About
pyaerocom is written and tested for python ≥ 3.10 and for unix based systems. It provides tools for processing and analyzing data as part of the AeroTools model evaluation project at the Norwegian Meteorological Institute, which services projects such as the Copernicus Atmosphere Monitoring Service, Copernicus Climate Change Service, EMEP, NorESM, and AeroCom.
The AeroTools project has the following mandate:
Support for projects delivering model evaluation results
User support for model-evaluation
Database management of observation data
Short and long-term development of evaluation tools, including web-pages showing evaluation results
The pyaerocom software is a core part of the AeroTools project and therefore it’s scope includes support for reading and processing of model data (e.g. AeroCom, EMEP, IFS), satellite data (e.g. TROPOMI, MODIS, AATSR) and ground based observation datasets (e.g. AERONET, EBAS, EARLINET, ICOS). In addition, pyaerocom provides tools for colocation and cross evaluation of different datasets using commonly used statistics including several biases, gross-errors, and correlation coefficients.
Main features
Reading routines for many ground based observation databases, such as:
AERONET Sun, SDA and Inversion products
Reading routines for level 3 gridded satellite observations, such as:
CALIPSO CALIOP Lidar observations
Data harmonization tools following the CF conventions.

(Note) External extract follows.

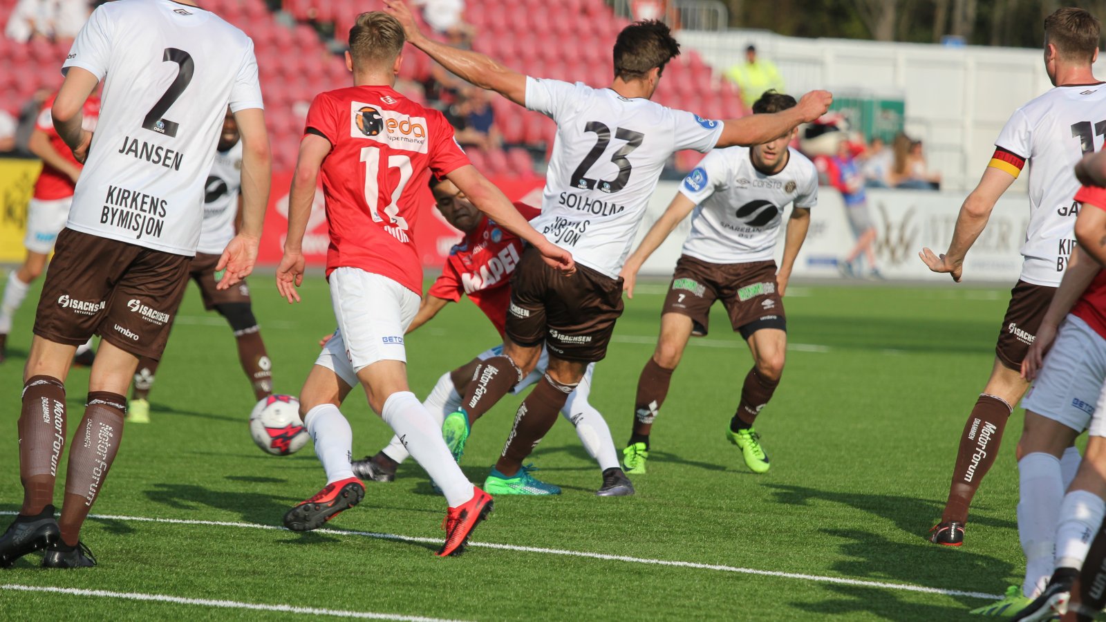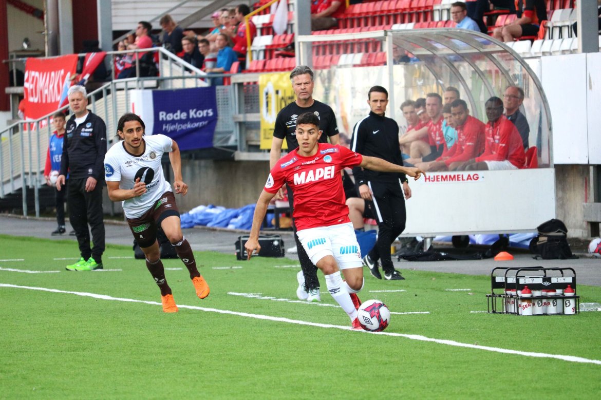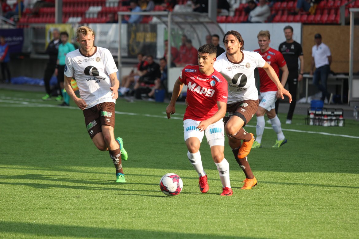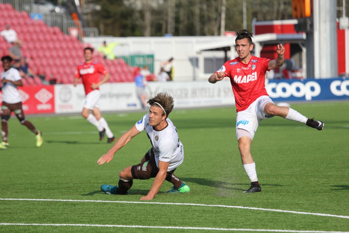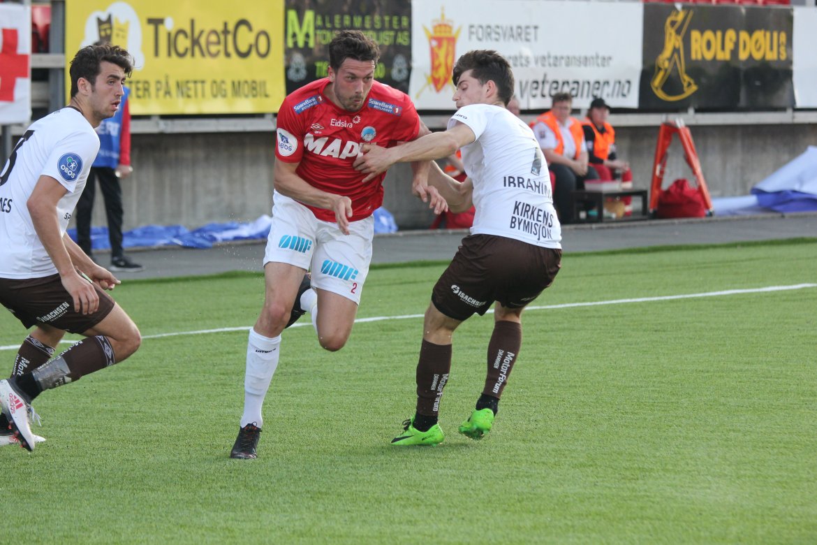 Så kom det endelig en pasning i bakrom. Shuaibu Ibrahim, som kom inn for Adem Güven i pausen, la inn og i kaoset ble det nesten 1-1. Minuttet etter kom det en gjennombruddspasning til, og igjen ble det sjanse, men Mjøndalens keeper reddet Ibrahim sin harde avslutning. Tydeligvis lettere å skape noe når motstanderen ikke er i balanse.
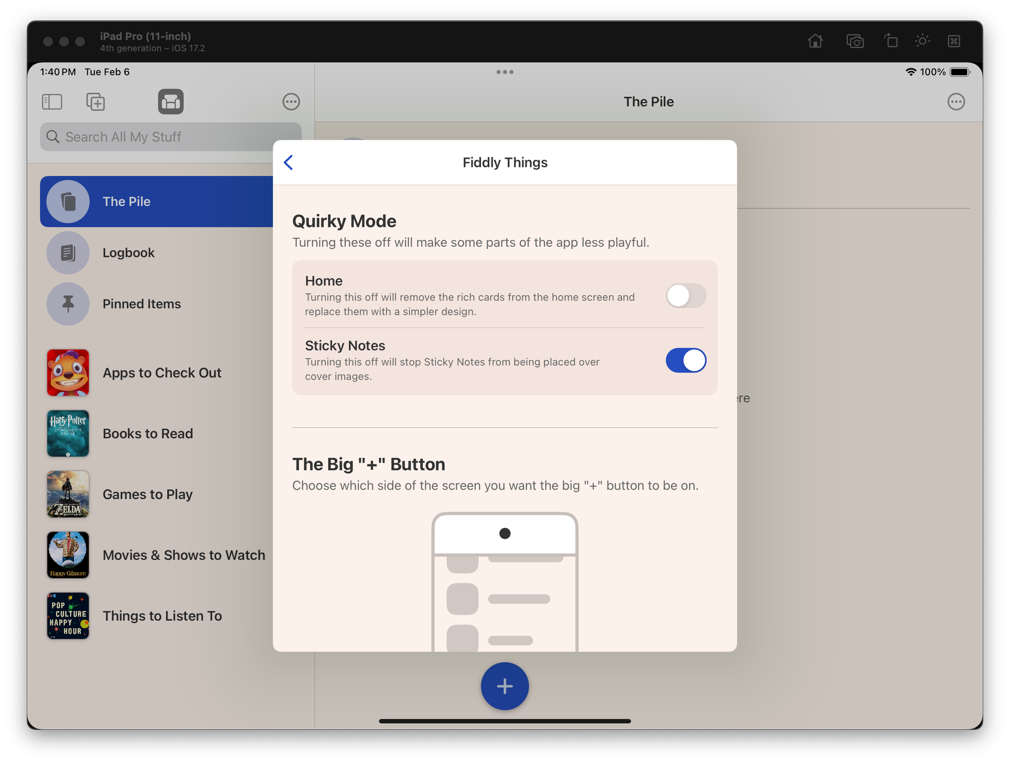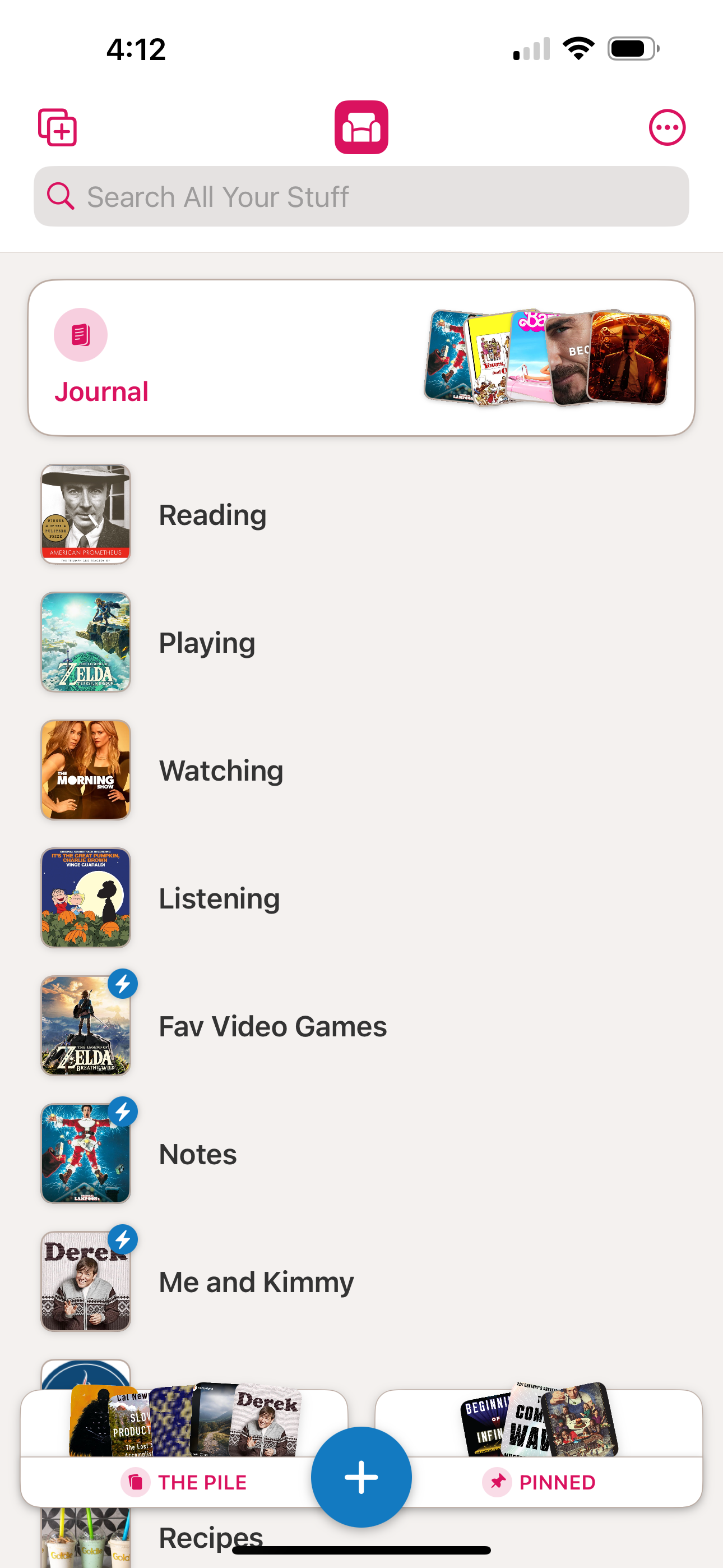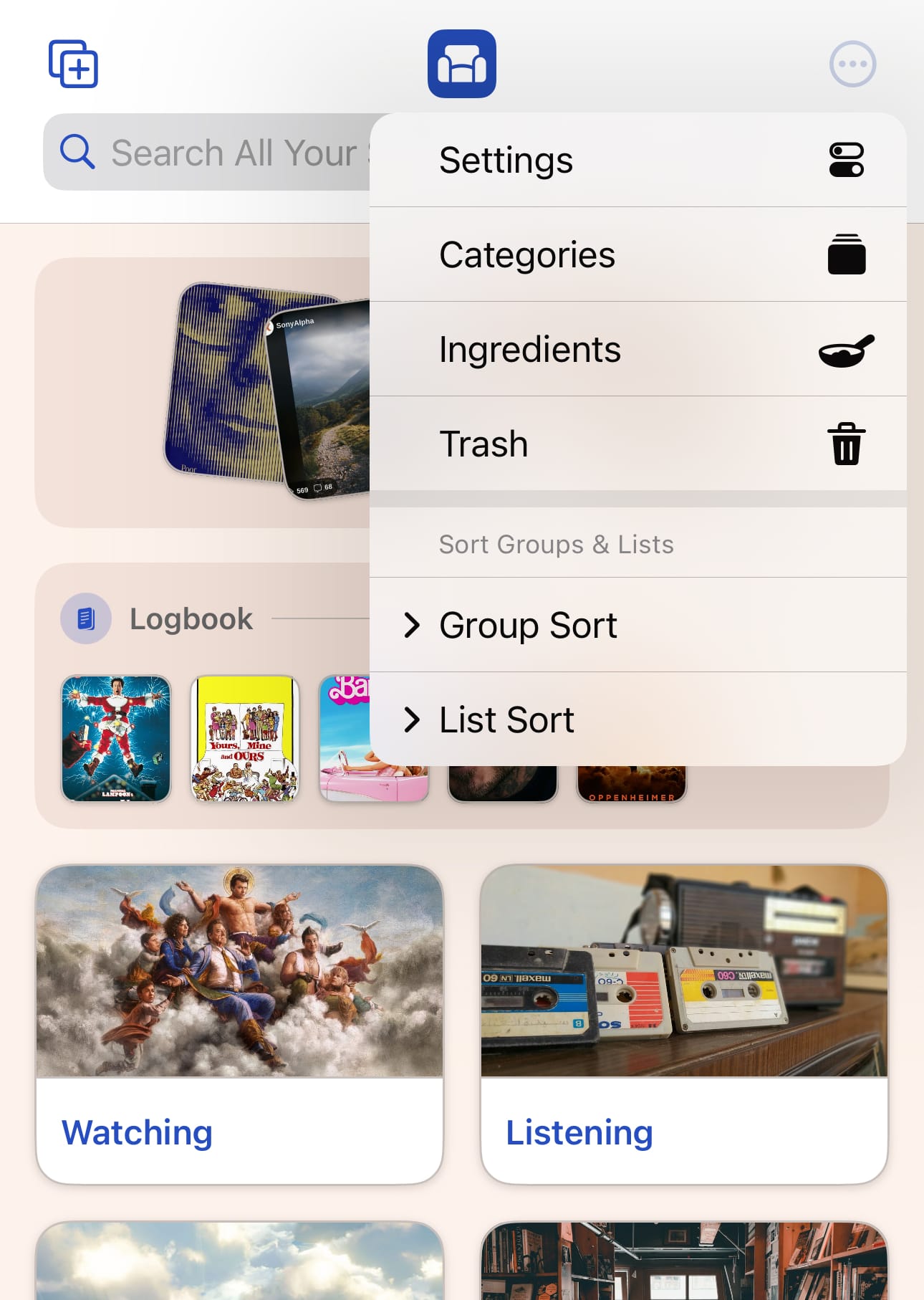 For Sofa 4.0, I redesigned the Home Screen to include rich, widget-style cards for the primary lists: The Pile, Logbook, and Pinned Items.

Intuitive data objects for analysis of gridded data and ungridded (point-cloud) observations.
Sophisticated and flexible colocation routines for model evaluation and intercomparison of observations.
Interfaces for conversion of data to data types of related data analysis libraries such as pandas, numpy, xarray or iris.
Data visualization tools and interfaces to common plotting libraries such as matplotlib or cartopy.
Tools for statistical analysis of model performance.
Toolbox for analysis of trends in time-series.
Tools to compute ensemble averages from multiple model outputs.
High-level tools for automated analyses of multi-model and multi-obs inter-comparison studies.
Usage examples
Processing of data to display on AeroVal
Processing and harmonization of observations for Aerosol Trends interface.
pyaerocom was used for the model evaluation study by Gliß et al., 2020.
pyaerocom was used for the trends analysis by Mortier et al., 2020.

Bias maps of the AeroCom ensemble median compared to several observation records (Figure 5 from Gliß et al., 2021, processed with pyaerocom)
Access to AeroCom users database
The AeroCom users database hosted on the MET Norway servers contains model diagnostics from all AeroCom phases, ready for analysis.
If you wish to get access to the database, please follow the instructions provided in the following link:
https://wiki.met.no/aerocom/data_retrieval
NOTE: the users database does not contain any ground based observational data (such as EBAS, AERONET, etc.) but only the AeroCom model data available in the database as well as some gridded level 3 satellite data which may be used for model evaluation. Once you have access to the user database you may mount the file-system locally (e.g. via sshfs and register the data-paths you need in pyaerocom, for details see tutorials).
Remark for Windows users
pyaerocom is not tested on Windows systems and may only work in parts and thus some features may not work on Windows machines at the moment. Please let us know if you intend to use pyaerocom on a Windows machine so that we can consider adjusting our priorities, or also if you have any questions related to the usage.